**YOUR ASSIGNMENT:** Look through the entries below for the line with "Winning Friends and" and the line with "The design discourse, the", then give again exactly those two lines and all lines between them, minus the pictures.

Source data
----------
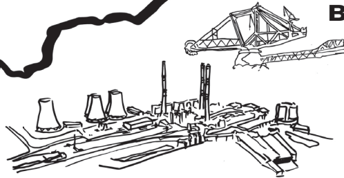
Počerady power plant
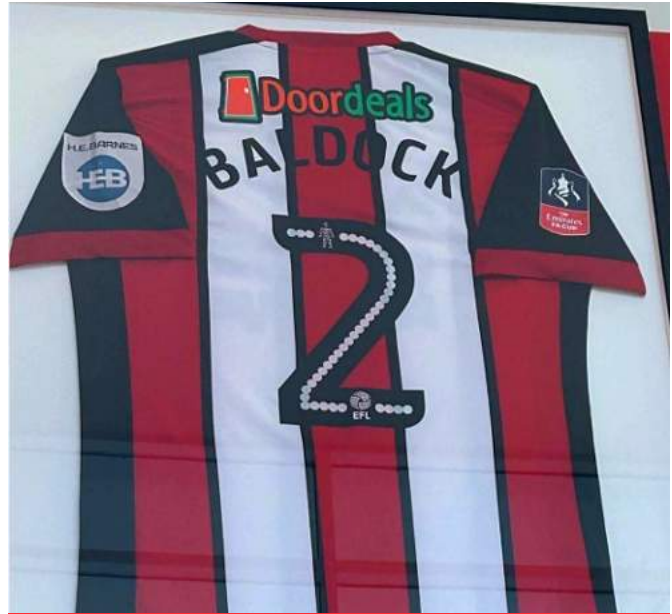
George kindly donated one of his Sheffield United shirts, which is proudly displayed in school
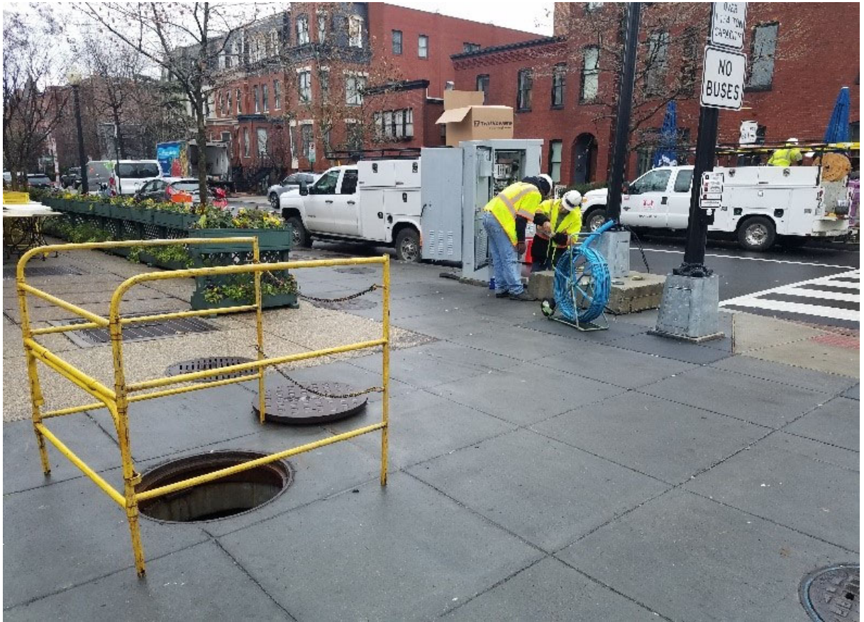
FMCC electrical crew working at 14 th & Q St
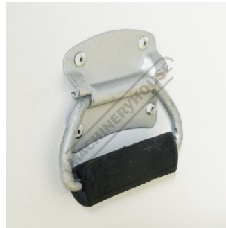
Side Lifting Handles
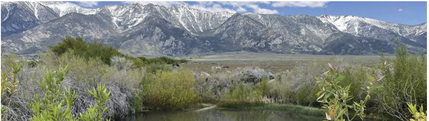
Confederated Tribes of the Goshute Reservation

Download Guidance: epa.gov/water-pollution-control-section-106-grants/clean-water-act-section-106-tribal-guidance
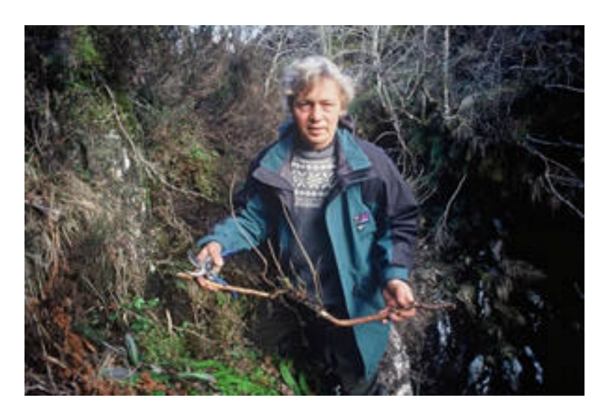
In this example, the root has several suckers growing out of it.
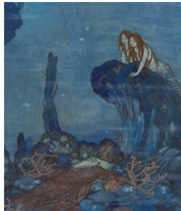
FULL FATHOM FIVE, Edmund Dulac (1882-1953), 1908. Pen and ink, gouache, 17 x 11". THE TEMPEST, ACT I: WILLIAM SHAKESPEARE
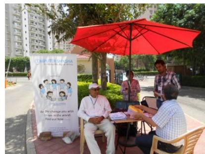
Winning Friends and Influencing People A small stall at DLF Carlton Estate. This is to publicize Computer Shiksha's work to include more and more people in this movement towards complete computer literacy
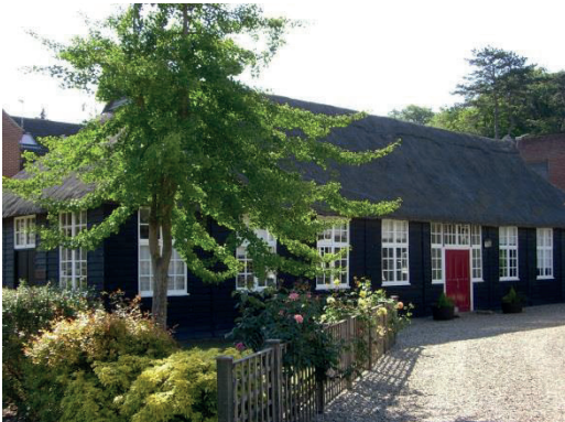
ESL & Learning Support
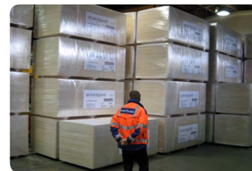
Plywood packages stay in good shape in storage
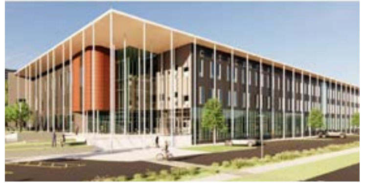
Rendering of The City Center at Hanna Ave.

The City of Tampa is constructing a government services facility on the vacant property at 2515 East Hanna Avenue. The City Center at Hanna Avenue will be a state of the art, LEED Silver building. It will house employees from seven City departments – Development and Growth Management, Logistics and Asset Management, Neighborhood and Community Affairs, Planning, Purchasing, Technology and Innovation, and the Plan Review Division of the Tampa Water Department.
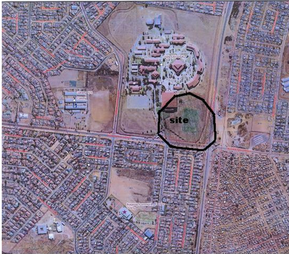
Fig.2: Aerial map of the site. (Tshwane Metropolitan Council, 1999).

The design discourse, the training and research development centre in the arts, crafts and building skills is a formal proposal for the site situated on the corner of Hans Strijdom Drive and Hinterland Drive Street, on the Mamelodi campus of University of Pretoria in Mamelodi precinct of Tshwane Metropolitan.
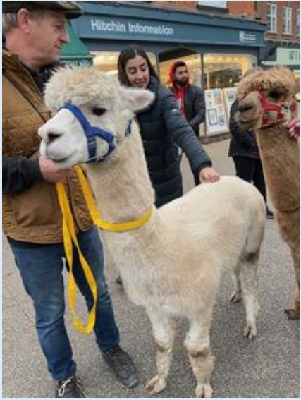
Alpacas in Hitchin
----------
**RESPONSE TO THIS EXERCISE:**
Winning Friends and Influencing People A small stall at DLF Carlton Estate. This is to publicize Computer Shiksha's work to include more and more people in this movement towards complete computer literacy
ESL & Learning Support
Plywood packages stay in good shape in storage
Rendering of The City Center at Hanna Ave.

The City of Tampa is constructing a government services facility on the vacant property at 2515 East Hanna Avenue. The City Center at Hanna Avenue will be a state of the art, LEED Silver building. It will house employees from seven City departments – Development and Growth Management, Logistics and Asset Management, Neighborhood and Community Affairs, Planning, Purchasing, Technology and Innovation, and the Plan Review Division of the Tampa Water Department.
Fig.2: Aerial map of the site. (Tshwane Metropolitan Council, 1999).

The design discourse, the training and research development centre in the arts, crafts and building skills is a formal proposal for the site situated on the corner of Hans Strijdom Drive and Hinterland Drive Street, on the Mamelodi campus of University of Pretoria in Mamelodi precinct of Tshwane Metropolitan.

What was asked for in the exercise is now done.